SUPPLIED MATERIAL.
========
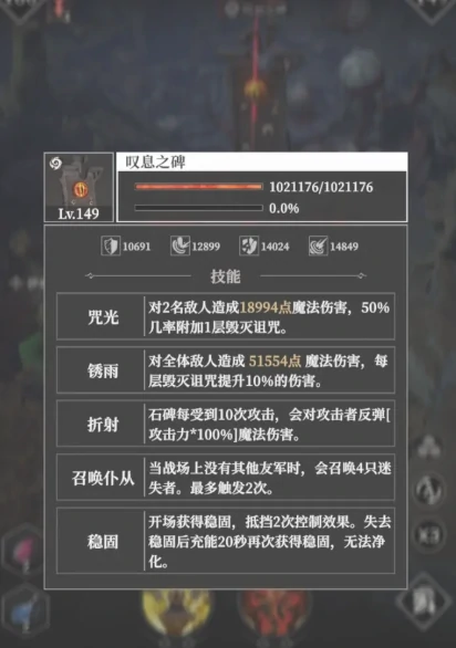 进入墓道,直面核心首领叹息之碑。石碑异变后释放竖瞳与触须,发动高伤近身攻击并持续召唤高攻小怪,忽视小怪将导致后排溃败。
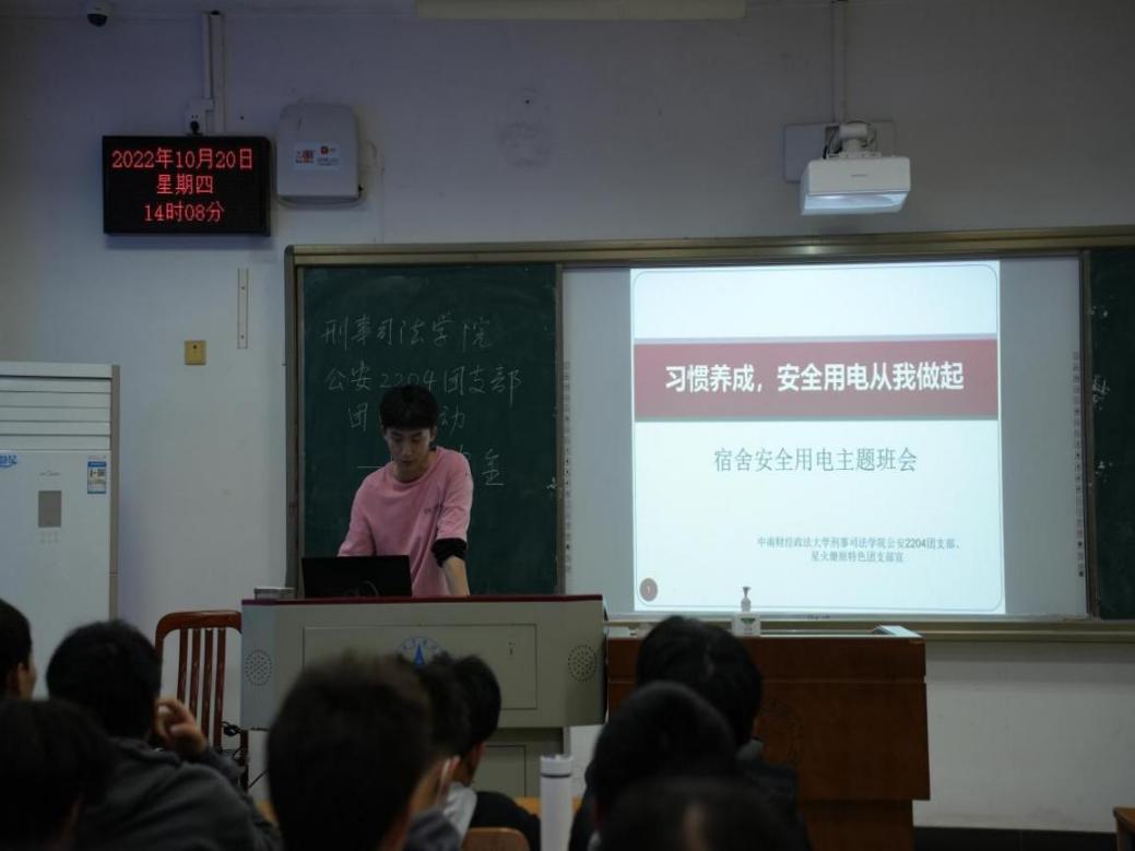 为了增强大家宿舍用电安全的意识,便于后续宣传活动的进一步开展,团支书首先面向全班同学开展了一次“习惯养成,安全用电从我做起”的宿舍安全用电主题班会。通过一则科普短视频引出宿舍安全的八个案例并为同学们说明了宿舍用电安全对于我们大学生生命安全的重要意义。随后又为同学们介绍了宿舍内禁止使用的大功率电器并列举了一些存在安全隐患的用电行为,最后介绍了正确的安全用电习惯、宿舍用电起火的解决办法。同学们在班会过程中收获到用电安全的可行措施,树立起宿舍用电的安全意识,为后续的宣讲活动做了有效的铺垫。
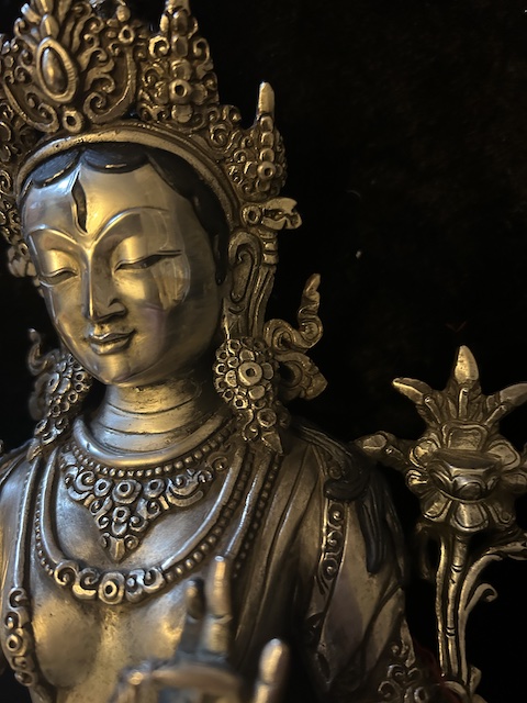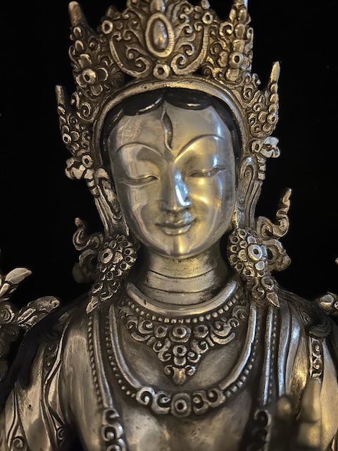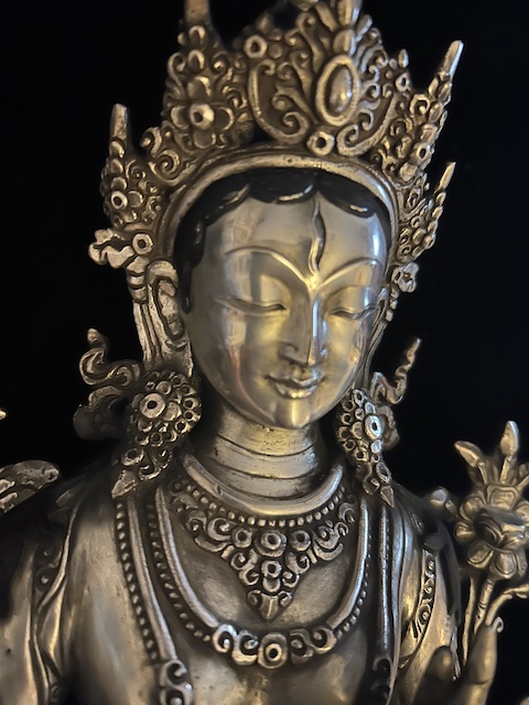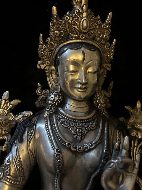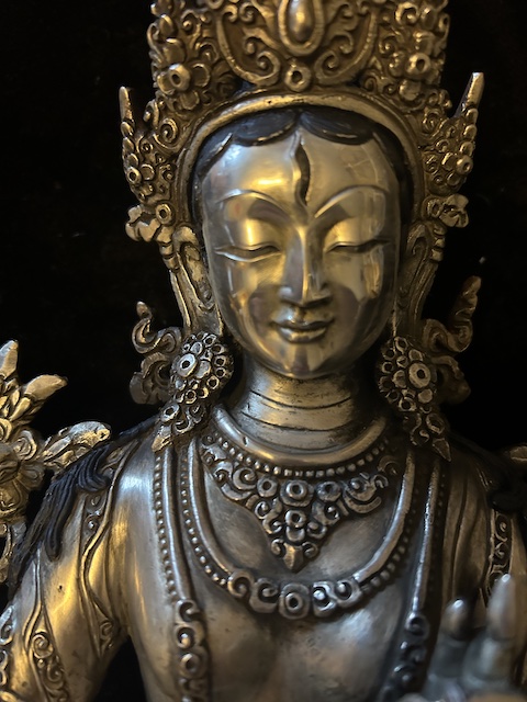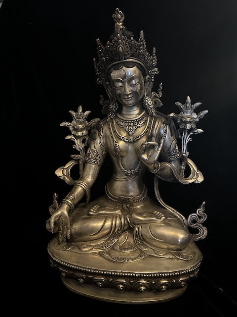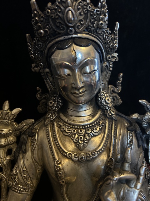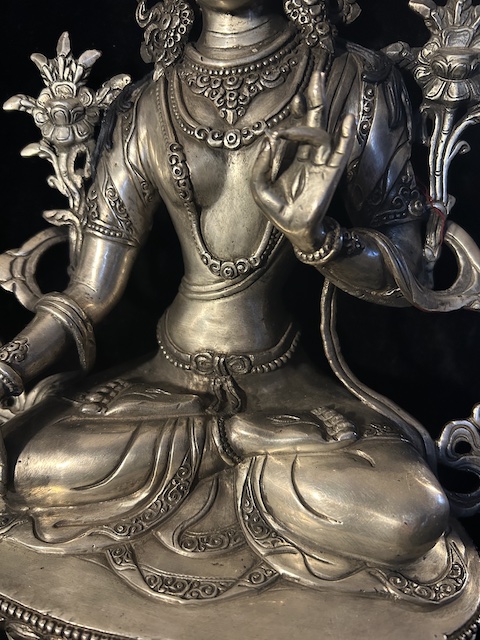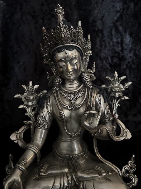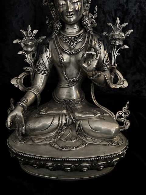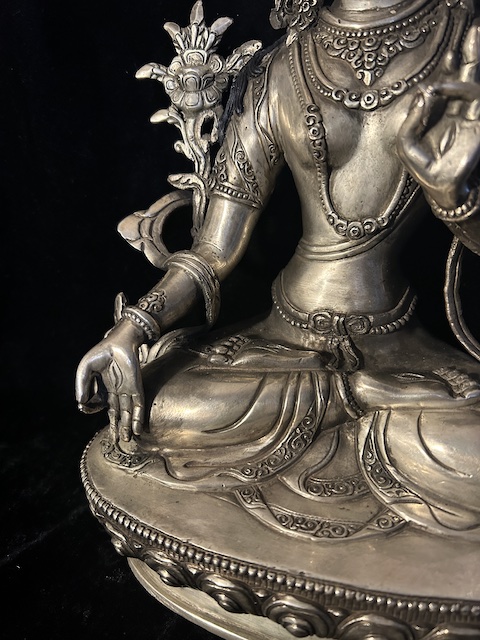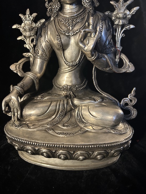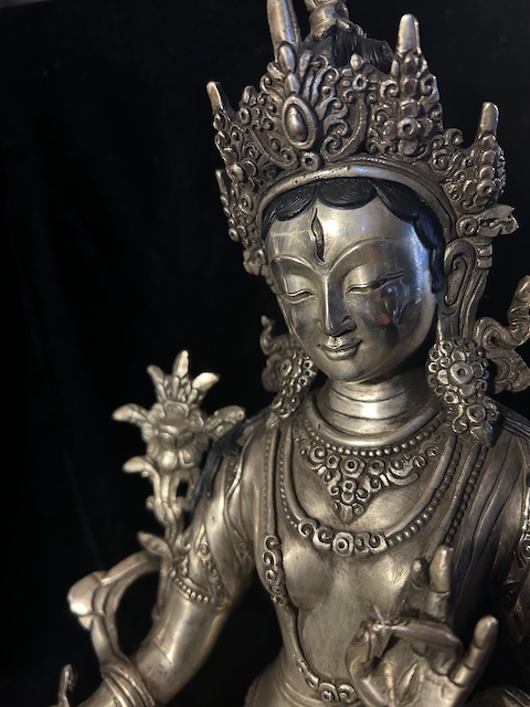 White Tara statue 30cm Copper with silver finish
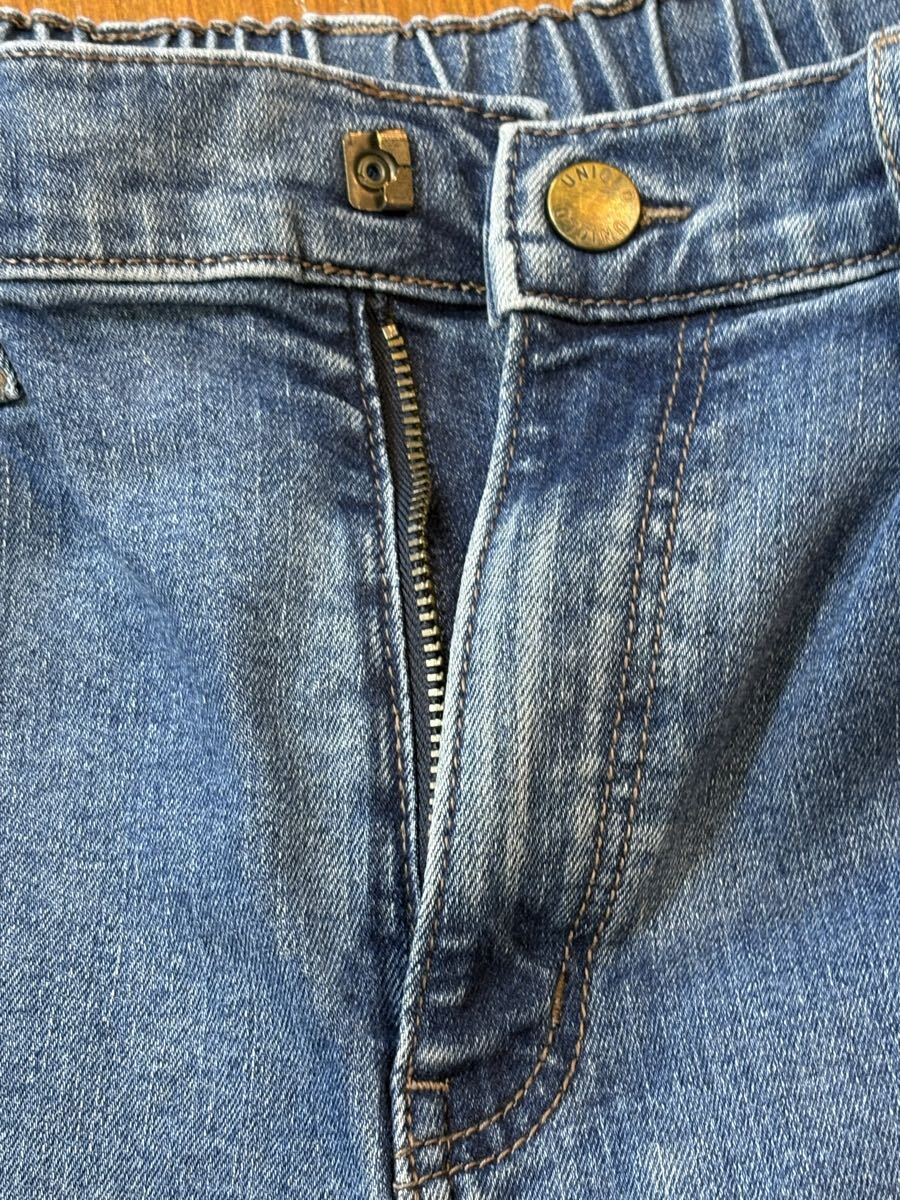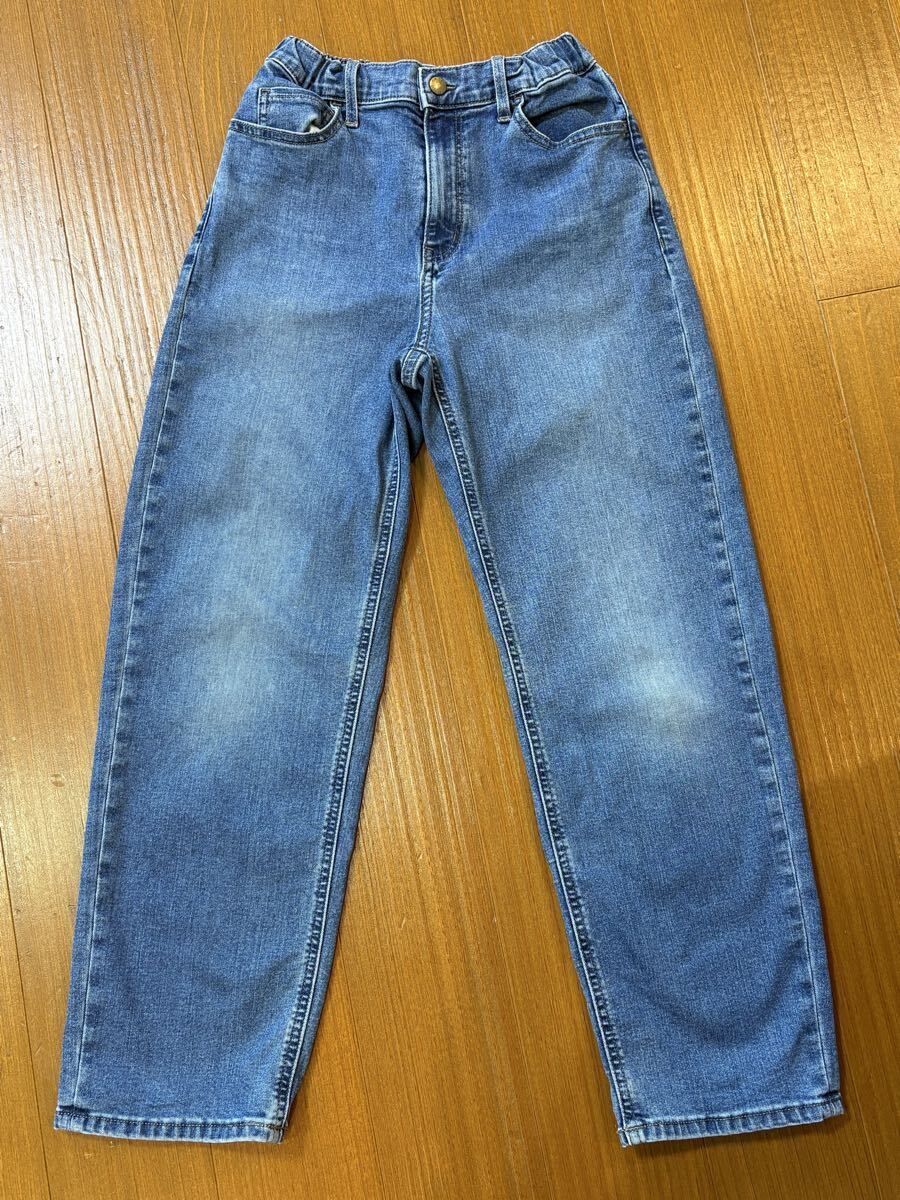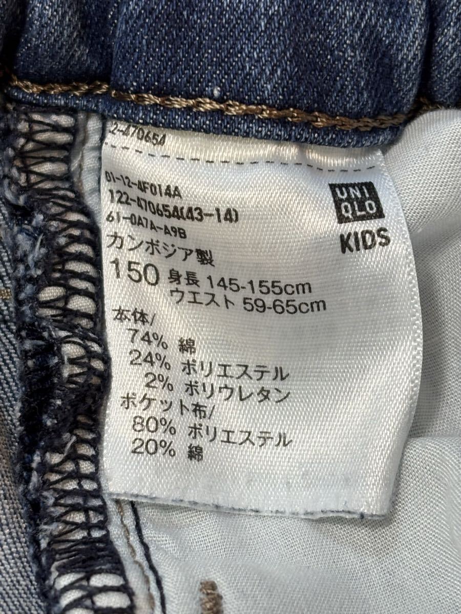 ユニクロのデニムパンツです。サイズは150です。素材は綿74%、ポリエステル24%、ポリウレタン2%です。仕様はファスナー×1、ポケット前後左右×各1ヶ所、ウエストはゴムで調整可能です。同じデニムパンツをもう1点出品しておりますが、サイズ制限により同梱は不可となります。2点ご落札いただいた場合はゆうパケットポスト2個口での発送となりますのでご了承ください。
========
WORK ORDER.
Nothing except the lines from the one containing "为了增强大家宿舍用电安全的意" through the one containing "White Tara statue" should appear in the answer, exactly as above and without pictures.

ANSWER BOX.
 为了增强大家宿舍用电安全的意识,便于后续宣传活动的进一步开展,团支书首先面向全班同学开展了一次“习惯养成,安全用电从我做起”的宿舍安全用电主题班会。通过一则科普短视频引出宿舍安全的八个案例并为同学们说明了宿舍用电安全对于我们大学生生命安全的重要意义。随后又为同学们介绍了宿舍内禁止使用的大功率电器并列举了一些存在安全隐患的用电行为,最后介绍了正确的安全用电习惯、宿舍用电起火的解决办法。同学们在班会过程中收获到用电安全的可行措施,树立起宿舍用电的安全意识,为后续的宣讲活动做了有效的铺垫。
 White Tara statue 30cm Copper with silver finish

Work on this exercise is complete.